Monday, March 17, 2008

We Can't Even Shop Right

The Fall of the American Consumer
by Barbara Ehrenreich

How much lower can consumer spending go? The malls are like mausoleums, retail clerks are getting laid off and AOL recently featured on its welcome page the story of a man so cheap that he recycles his dental floss–hanging it from a nail in his garage until it dries out.

It could go a lot lower of course. This guy could start saving the little morsels he flosses out and boil them up to augment the children’s breakfast gruel. Already, as the recession or whatever it is closes in, people have stopped buying homes and cars and cut way back on restaurant meals. They don’t have the money; they don’t have the credit; and increasingly they’re finding that no one wants their money anyway. NPR reported on February 28 that more and more Manhattan stores are accepting Euros and at least one has gone Euros-only.

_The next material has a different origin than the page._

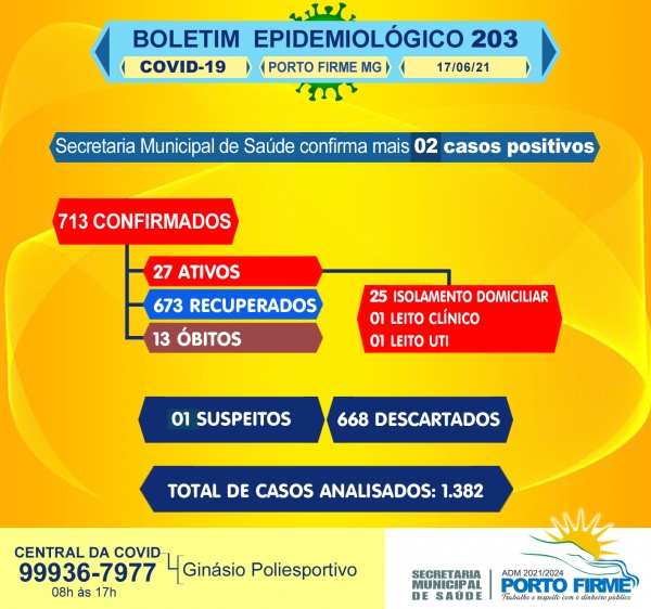 Em Porto Firme foram registrados hoje 2 novos casos de coronavírus. Com os novos casos Porto Firme agora tem 713 casos confirmados, 27 casos ativos, 673 recuperados e 13 óbitos. O município tem ainda 25 pessoas em isolamento domiciliar, duas estão internadas, uma em leito clinico e outra em leito de UTI.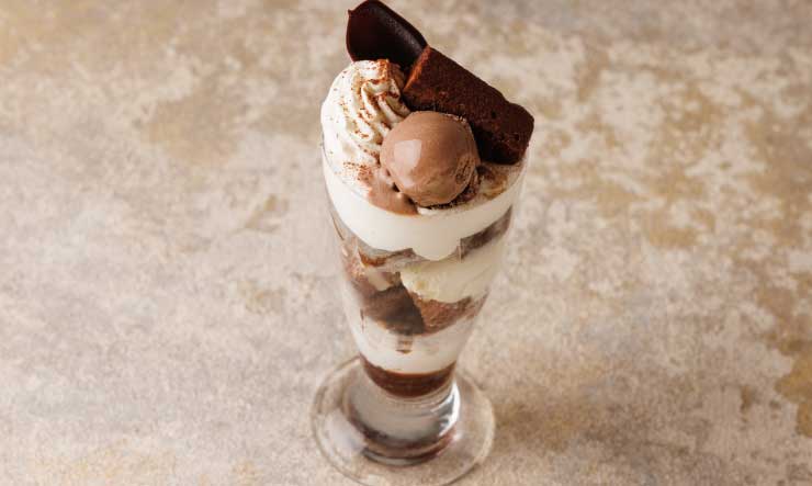 ほろ苦いコーヒーゼリーを3種のアイスと合わせたパフェ。

The Sharper Image has declared bankruptcy and is closing ninety-six US stores. (To think I missed my chance to buy those headphones that treat you to forest sounds while massaging your temples!) Victoria’s Secret is so desperate that it’s adding fabric to its undergarments. Starbucks had no sooner taken time off to teach its baristas how to make coffee than it started laying them off.

While Americans search for interview outfits in consignment stores and switch from Whole Foods to Wal-Mart for sustenance, the world watches tremulously. The Australian Courier-Mail, for example, warns of an economic “pandemic” if Americans cut back any further, since we are responsible for $9 trillion a year in spending, compared to a puny $1 trillion for the one billion-strong Chinese. Yes, we have been the world’s designated shoppers, and, if we fall down on the job, we take the global economy with us.

“Shop till you drop,” was our motto, by which we didn’t mean to say we were more compassion-worthy than a woman fainting at her work station in some Honduran sweatshop. It was just our proper role in the scheme of things. Some people make stuff; other people have to buy it. And when we gave up making stuff, starting in the 1980s, we were left with the unique role of buying. Remember Bush telling us, shortly after 9/11, to get out there and shop? It may have seemed ludicrous at the time, but what he meant was get back to work.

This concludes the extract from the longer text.